Ferrari boss sees role in Italian polls
MARRAKESH, Morocco |
MARRAKESH, Morocco (Reuters) - The chairman of Ferrari does not plan to run for election when Italians go to the polls early next year but will promote candidates from his think-tank to voters disillusioned with mainstream political parties, he said on Friday.
Speculation about Luca Cordero di Montezemolo's political future has heated up since traditional parties lost ground to fringe groups in local elections in May as Italians protested against the economic crisis.
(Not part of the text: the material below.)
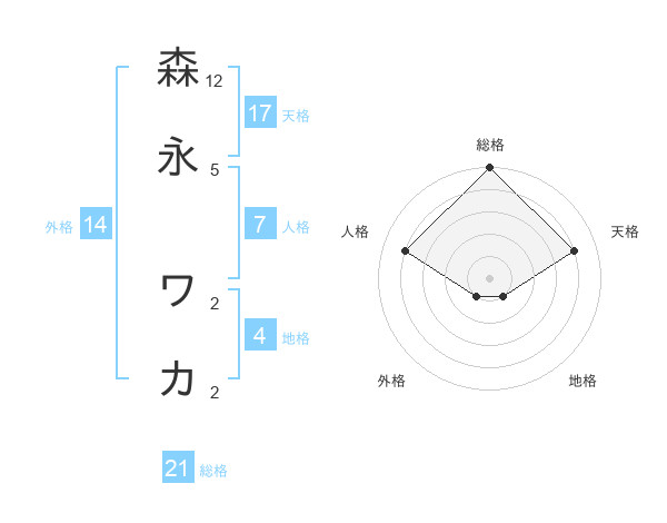 森永 ワカさんの総格は21画の5点!

A household name in Italy, known almost as much for his snappy dress sense as his roles at carmakers Ferrari and Fiat, the aristocratic former head of Italy's industry federation is often seen as someone who could succeed in high-level politics.
"Our main goal is to have new people in the political leading class," Montezemolo told Reuters in an interview, saying his Future Italy think-tank would dip into civil society, the business world and academia for candidates.
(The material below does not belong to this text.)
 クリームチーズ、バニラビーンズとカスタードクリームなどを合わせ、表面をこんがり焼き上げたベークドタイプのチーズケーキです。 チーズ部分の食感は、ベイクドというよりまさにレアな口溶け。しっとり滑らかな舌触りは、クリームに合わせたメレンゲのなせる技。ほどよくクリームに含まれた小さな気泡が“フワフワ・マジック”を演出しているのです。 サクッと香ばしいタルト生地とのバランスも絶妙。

Speculation that Montezemolo would enter politics grew after he founded Future Italy in 2009, but he remains cagey about what role he himself might play in future.
"My role with my foundation is to give ideas, to give priorities, to make projects for the near future of Italy, and to help to introduce new people in the Italian political leading class," he said on the sidelines of the Financial Times Luxury Conference in the Moroccan city of Marrakesh.
"This does not mean that I will enter, but I will help people to enter because you cannot accept to have in the future the same political class," he said.
The success of unknown candidates belonging to comedian Beppe Grillo's Five-Star Movement in May underscored growing disillusionment among voters with traditional parties.
While that vote signalled Italians' desire for change, only 5 percent said they would like to see Montezemolo as prime minister, an Ipsos poll broadcast on state TV on Tuesday showed.
Italy has been run by an apolitical prime minister since economist Mario Monti took over from Silvio Berlusconi in November as Italy teetered on the edge of debt default.
National elections due in early 2013 should elect a new parliament and government.
Berlusconi's People of Liberty party and other traditional political blocs have all mentioned Montezemolo as a political outsider who could step into politics, but the car company executive has not made any alliances so far.